The Ibovespa, the reference index of the Brazilian stock exchange, closed up 0.59% this Friday (19), at 103,035 points, interrupting a series of four consecutive falls. In the week, however, the indicator retreated 3.03%. The accumulated drop in the year is 13.42%.
The dollar rose 0.73%, to R$5.6100, reflecting investors’ expectations with the possibility of an increase in interest rates in the United States. The appreciation in the week was 2.78%. In the year, the American currency accumulates gains of 8.11% against the real.

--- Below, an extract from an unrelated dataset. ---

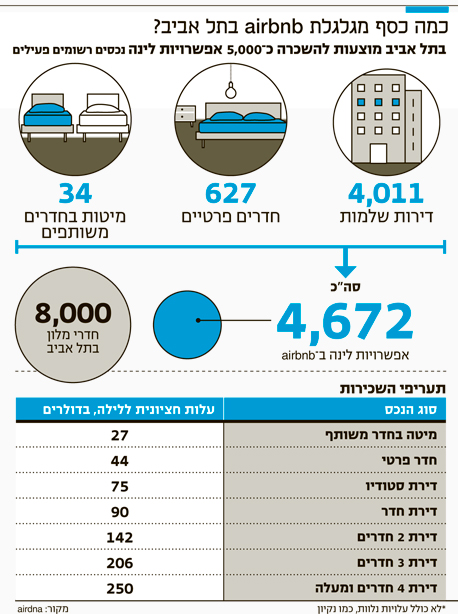 לפי דיווחי רשות המסים, הנושא נבדק בעיקר בערים הגדולות, ת"א, חיפה וירושלים, כאשר בת"א השוק הוא גדול משמעותית וממוסחר יותר משתי הערים האחרות - לפי נתוני האתר airdna, המנתח את הנתונים הגלויים של airbnb, בעיר רשומות כיום 4,762 אפשרויות לינה, מרביתן דירות שלמות והיתר חדרים או מיטות בחדר משותף.

The expectation is that the Fed (Federal Reserve, the American central bank) will accelerate the withdrawal of economic stimuli adopted during the pandemic, after consumer inflation in the country has reached the highest level in 30 years.
The stock market was pulled by Vale and steelmakers, in the wake of the advance in the price of iron ore futures contracts, and by telecommunications companies due to a decision by the STF (Supreme Federal Court) in favor of the sector.
Vale advanced 2.73% and CSN jumped 7.98%, the highest increase in the trading session.
Shares of Telefônica Brasil and TIM rose 6.81% and 5.15%, respectively, after STF ministers formed a majority for the reduction of ICMS for telecommunications services in Santa Catarina, in a decision that could be applied to the entire country.
Investors continued to follow the development around the PEC (proposed amendment to the Constitution) of the Precatório, but the lack of relevant news on the subject gave space to a slight recovery in business.
The PEC, which authorizes a dribble in the spending ceiling, defaulting on the Union’s judicial debts in 2022, is evaluated by the market as a way out for the government to be able to pay Brazil’s Aid and, thus, be able to close the next year’s Budget .
This Friday’s daily gain does not represent, however, a change in market direction, according to Bruno Madruga, variable income director at Monte Bravo Investimentos. “Only correction within a downtrend in the market,” he said.
Brent crude dropped 3.43% to $78.45 (BRL 436.00), the lowest price since Sept. 24, when a barrel closed at $78.09.
Concerns about the advance of Covid-19 in Europe and the possibility of the governments of the United States and China using strategic reserves to lower prices are among those responsible for the devaluation of oil.
“Fear of the unknown is weighing on market sentiment,” said Phil Flynn, senior analyst at Price Futures.
Brent oil has risen nearly 60% this year, as economies recover from the pandemic and the Organization of Petroleum Exporting Countries and its allies only gradually ramping up production.
The weak performance of the commodity on the day hurt Petrobras shares, which closed down 1.66%.
Petrobras also informed this Friday that it will not meet 100% of orders from distributors for fuel in December, amid the maintenance of a scenario of atypical demand seen also in November.
On Wall Street, the Dow Jones and S&P 500 indices fell 0.75% and 0.14%. The Nasdaq rose 0.40%, with a record result of 16,057 points.
The prevailing bias in global markets, however, was bearish this Friday with the tension generated by the advance of Covid-19 in Europe.
Austria has announced new restrictions to deal with rising cases of coronaviruses, and the market fears Germany will follow suit.